Yes and No. Think of Art NFTs like artist signatures. in the real world, the scarcity and authenticity of artists signatures the books etc. make these valuable. have the same book with a different persons signature or no signature and the book is just as good as any other book with the same content.
With the Nyan Cat NFT, the original creator once approved it and said something like "This is signed by me and should represent the Nyan cat nft." However owns that NFT now this unique NFT on the ledger. The community aggrees, that the artists statement netters, so that decides which Nyan cat NFT is the correct one. If now I announce on twitter, that anither Nyan nft that I created is the "true nft", people wouldn't (or rather shouldn't) trust me, because the social consensus and history shows, that they've agreed upon a different Nyan NFT.
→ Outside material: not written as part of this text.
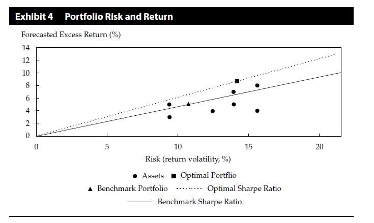 已回答对这个图的内容有些疑问。这个图的Optimal Sharp ratio就是用bench mark的组合,达到的最优组合,实线上是benchmark的SR,原点是没有充分分散的,只有方块是充分分散的吧。比如优化benchmark的组合,相当于从实现跳到了虚线,虽然IR达到了最优,但是从tracking error并没有那些围绕基准近的组合好。 那如何目的要基于基准的投资,那到底是要原点这些没有全分散的tracking error好的组合,还是落在最优SR上的组合?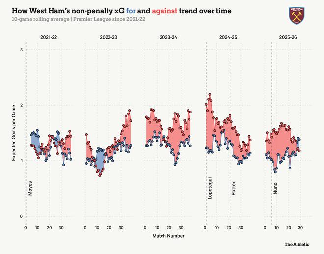 从下方的滚动预期进球图可以看出这种防守上的进步。在最近十场比赛中,西汉姆联创造出的进球机会(蓝线)首次超过了两赛季以来的自身预期失球数。

if I want that nft, I have to buy it from the current owner. If I buy it, I can tout about it on social media and prove my ownership on the block explorer.
Such things were only possible with non-digital artworks before. The problem is, that if you have any company, who manages this ledger, people would have to trust them - and there is also no company who has emerged in the part who would represent such a "social concensus on digital art signatures" - and with Blockchains it's too late to found this now.
This is just one of many use cases of NFTs.
In the real world, we have artists signatures and people buy them for high prices because they value that and are willing to pay for it. (Whether you like it or not.) The same holds for NFTs as artists signatures. However, with NFTs everyone can still "experience" the original because the data is still copyable as much as possible.
There are many other use cases for nfts. One is digital subscriptions which ought to be neutral and not owned by a single company. As an example, theoretically you could buy the licence to watch Inception (movie) as an NFT. Then you can go to Amazon prime / Netflix etc. and after checking that you own one such NFT, they'll let you watch it for a small streaming fee instead of requiring a hefty subscription fee per months after which you still don't own the rights to watch it forever. Requiring that such platforms support this could be enforced legally. Yes, piracy is an alternative today where you can still watch it forever - but it's strictly speaking not financially sustainable. However, I'm aware that the financial distributions when buying DVDs or cinema isn't exactly fairly distributed - but that's another bigger story.
NFTs are an abstract concept of rather neutral non-counterparty-risk of non-exchangeable limited ownership. In the non-blockchain world, it's the social consensus which says "Hey, the ownership ledger is managed by the government and we decide to trust that." - which makes the rest work. When people agree, that the non-government owned ownership on the Blockchain ledger "is the social consensus that matters", then people decide for it and the rest also works out.